Der Gerichtsbeschluss, der ein Aussageverweigerungsrecht der Zeugin ██████ verneint, und die einschlägigen Darlegungen in den Urteilsgründen ergeben eindeutig, dass die Strafkammer auf Grund der Erklärungen des Angeklagten und der Zeugin ███████ in der Hauptverhandlung zu der Überzeugung gelangt ist, dass ein Verlöbnis zwischen ihnen im Zeitpunkt der Hauptverhandlung nicht mehr bestand. Das in dem Gerichtsbeschluss und im Urteil angeführte Verhalten des Angeklagten und der Zeugin und ihre im Sitzungsprotokoll festgehaltenen Erklärungen stehen nicht im Widerspruch zu dieser Folgerung des Gerichts. Allerdings hat der Angeklagte seine Erklärung, er sei nicht mehr mit der Zeugin verlobt, ausweislich der Sitzungsniederschrift nachträglich „eingeschränkt“. Selbst wenn er sie widerrufen hätte, hätte das Landgericht ohne Verletzung der Gesetze des Denkens und der Psychologie aus der vorangegangenen Verneinung folgern können, dass ein ernstgemeintes Eheversprechen und damit ein Verlöbnis zwischen ihm und der Zeugin nicht mehr bestehe. Gegen diese Überzeugung der Strafkammer ist soweit aus Rechtsgründen nichts einzuwenden.

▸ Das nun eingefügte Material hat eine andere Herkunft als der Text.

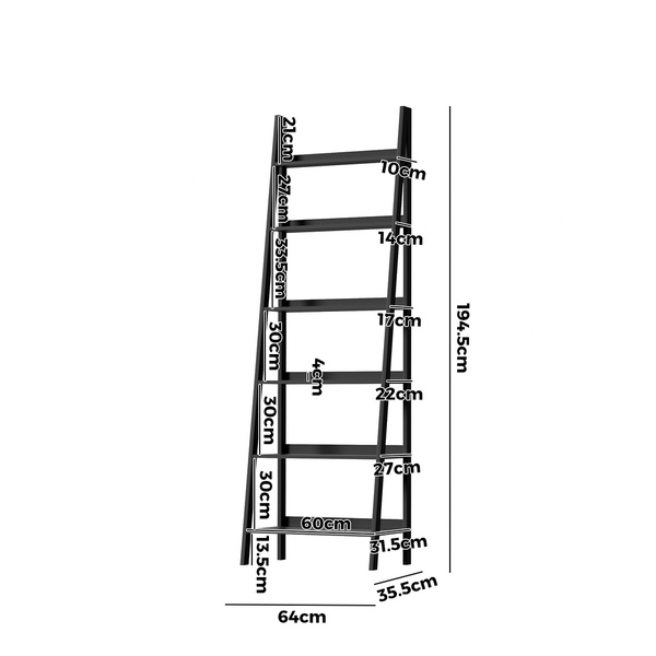 Bookshelf 6 Tier Corner Ladder Shelf Home Storage Display Rack Black

Die Art der Einlassung des Angeklagten und sein Verhalten, die dem Gerichtsbeschluss zugrunde liegen, mussten auch nicht mit in die Urteilsgründe aufgenommen werden; denn § 267 Abs. 1 Satz 2 StPO ist lediglich eine Ordnungsvorschrift.

b) Auf eine Verletzung des § 55 Abs. 2 StPO kann die Revision nicht gestützt werden, wie der Große Senat für Strafsachen nach BGHSt 11, 213 entschieden hat.

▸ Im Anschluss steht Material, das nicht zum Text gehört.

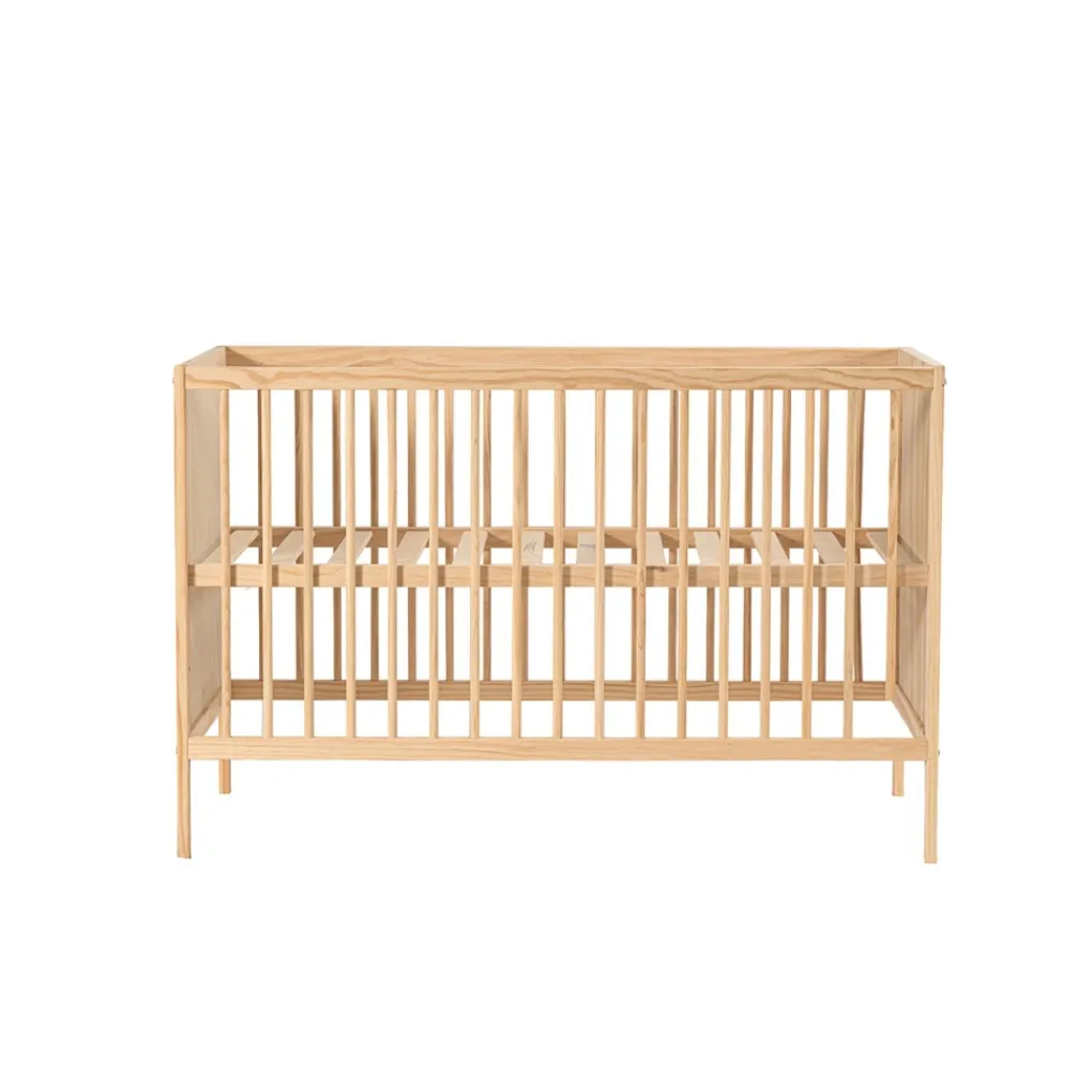 Het Born Lucky Lola Baby Bed Naturel is niet alleen een lust voor het oog met zijn neutrale kleur, maar het is ook bijzonder veilig en comfortabel. De ronde spijlen zijn zorgvuldig geplaatst op een veilige afstand van elkaar, wat niet alleen voor een stijlvolle uitstraling zorgt maar ook voor optimale ventilatie in het bedje. De slanke pootjes van het Born Lucky Lola Baby Bed Naturel geven een minimalistische en moderne uitstraling aan de babykamer.

c) Die Rüge der Verletzung des § 244 Abs. 2 StPO, weil zur Frage der Glaubwürdigkeit des Mitangeklagten ███████ nicht die Beweise erhoben worden sind, die von der Verteidigung in ihrem Beweisantrag bezeichnet waren, geht fehl, da der Sachverhalt das Gericht nicht zur Benutzung weiterer Beweismittel in dieser Hinsicht drängte.

d) Die Revision sieht ferner eine Verletzung des Verfahrensrechts darin, dass das Gericht die von dem Verteidiger hilfsweise beantragte Aussetzung des Verfahrens abgelehnt hat; diese wurde erstrebt, damit zunächst der von dem Zeugen ███ im Zusammenhang mit seinen Angaben über den Mitangeklagten erwähnte Unbekannte ermittelt werden könne.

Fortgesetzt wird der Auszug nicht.